IEEE Trans Image Process. 2014 Mar;23(3):1430-41. doi: 10.1109/TIP.2014.2302675.
Supervised machine learning techniques have been applied to multilabel image classification problems with tremendous success. Despite disparate learning mechanisms, their performances heavily rely on the quality of training images. However, the acquisition of training images requires significant efforts from human annotators. This hinders the applications of supervised learning techniques to large scale problems. In this paper, we propose a high-order label correlation driven active learning (HoAL) approach that allows the iterative learning algorithm itself to select the informative example-label pairs from which it learns so as to learn an accurate classifier with less annotation efforts. Four crucial issues are considered by the proposed HoAL: 1) unlike binary cases, the selection granularity for multilabel active learning need to be fined from example to example-label pair; 2) different labels are seldom independent, and label correlations provide critical information for efficient learning; 3) in addition to pair-wise label correlations, high-order label correlations are also informative for multilabel active learning; and 4) since the number of label combinations increases exponentially with respect to the number of labels, an efficient mining method is required to discover informative label correlations. The proposed approach is tested on public data sets, and the empirical results demonstrate its effectiveness.

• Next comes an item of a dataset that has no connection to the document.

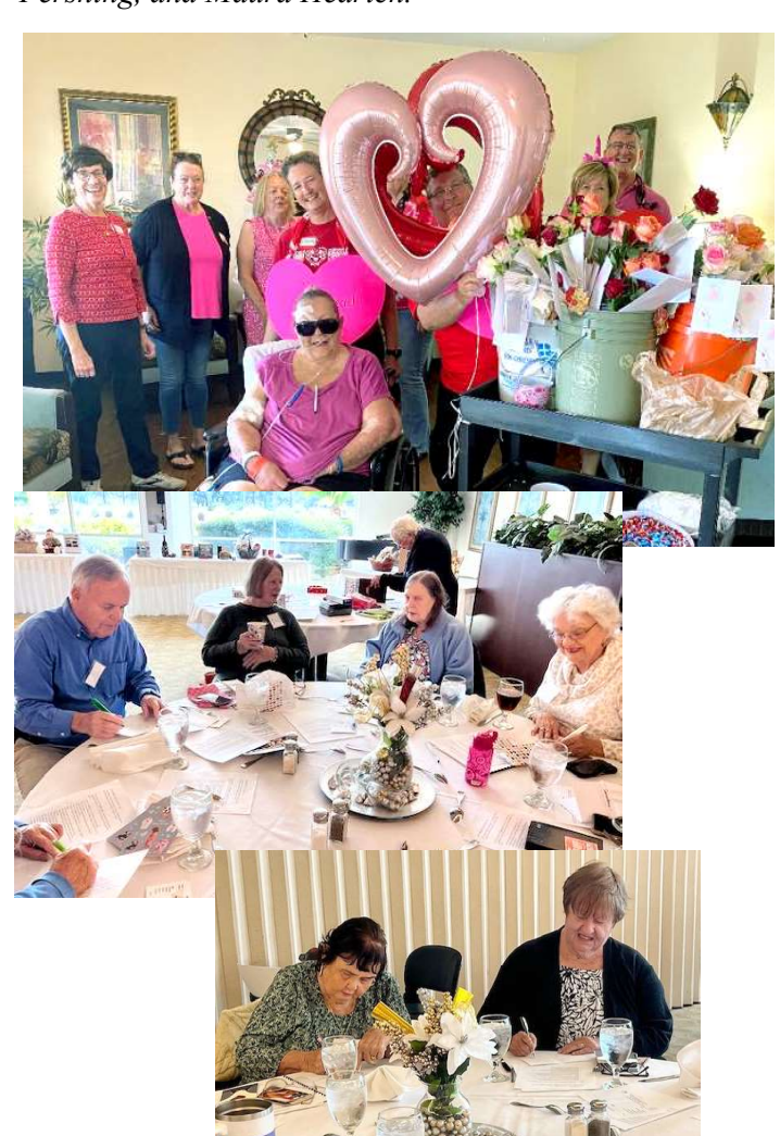
Members writing Valentine cards at the January luncheon.

监督机器学习技术已成功应用于多标签图像分类问题。尽管学习机制不同,但它们的性能严重依赖于训练图像的质量。然而,训练图像的获取需要人类注释者付出巨大的努力。这阻碍了监督学习技术在大规模问题中的应用。在本文中,我们提出了一种高阶标签相关驱动的主动学习(HoAL)方法,该方法允许迭代学习算法本身从其中学习的信息示例-标签对中选择信息示例-标签对,以便用较少的注释工作学习准确的分类器。所提出的 HoAL 考虑了四个关键问题:1)与二进制情况不同,多标签主动学习的选择粒度需要从示例到示例-标签对进行细化;2)不同的标签很少是独立的,标签相关性为有效学习提供了关键信息;3)除了两两标签相关性之外,高阶标签相关性对于多标签主动学习也很有意义;4)由于标签组合的数量随着标签数量呈指数增长,因此需要一种有效的挖掘方法来发现信息性标签相关性。该方法在公共数据集上进行了测试,实验结果证明了其有效性。